Either a certain percentage of the sugar had been removed from the hold and smuggled into the country before the ship reached New York, or there was a conspiracy of some kind which involved a number of the weighers on the docks.

"The first supposition," argued Carr, "is feasible but hardly within the bounds of probability. If the shortage had occurred in a shipment of gold or something else which combines high value with small volume, that's where I'd look for the leak. But when it comes to hundreds of thousands of pounds of sugar—that's something else. You can't carry that around in your pockets or even unload it without causing comment and employing so many assistants that the risk would be extremely great.

"No, the answer must lie right here on the docks—just as it did in the sampling cases."

So it was on the docks that he concentrated his efforts, working through the medium of a girl named Louise Wood, whom he planted as a file clerk and general assistant in the offices of the company which owned the Murbar and a number of other sugar ships.

This, of course, wasn't accomplished in a day, nor yet in a month. As a matter of fact, it was February when Carr was first assigned to the case and it was late in August when the Wood girl went to work. But, as Dick figured it, this single success was worth all the time and trouble spent in preparing for it.
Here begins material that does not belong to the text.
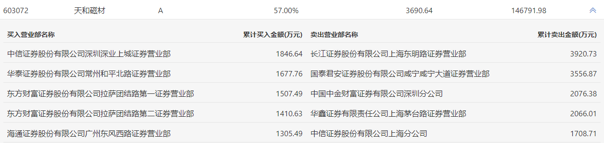 天和磁材2月28日涨5.62%,龙虎榜数据显示,上榜营业部席位全天成交2.11亿元,占当日总成交金额比例为14.36%。其中,买入金额为7748.02万元,卖出金额为1.33亿元,合计净卖出5580.69万元。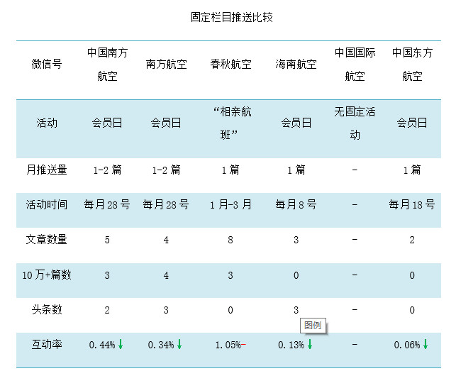 通过数据研究分析验证,从2018年第一季度内三大航空和海航、春秋的公众号推文数据中发现各航司在微信推广效果上有较大的分化。参照上述模型,本文对比分析了各航司2018年第一季度的微信推文,结合微信运营的实践经验,从文章的标题、形式、内容三方面总结了几个提高推文吸引力的套路。

It would be hard, therefore, to give any adequate measure of his disappointment when the girl informed him that everything in her office appeared to be straight and aboveboard.

"You know, Dick," reported Louise, after she had been at work for a couple of months, "I'm not the kind that can have the wool pulled over my eyes. If there was anything crooked going on, I'd spot it before they'd more than laid their first plans. But I've had the opportunity of going over the files and the records and it's all on the level."

"Then how are you to account for the discrepancies between the bills of lading and the final receipts?" queried Carr, almost stunned by the girl's assurance.

"That's what I don't know," she admitted. "It certainly looks queer, but of course it is possible that the men who ship the sugar deliberately falsify the records in order to get more money and that the company pays these statements as a sort of graft. That I can't say. It doesn't come under my department, as you know. Neither is it criminal. What I do know is that the people on the dock have nothing to do with faking the figures."

"Sure you haven't slipped up anywhere and given them a suspicion as to your real work?"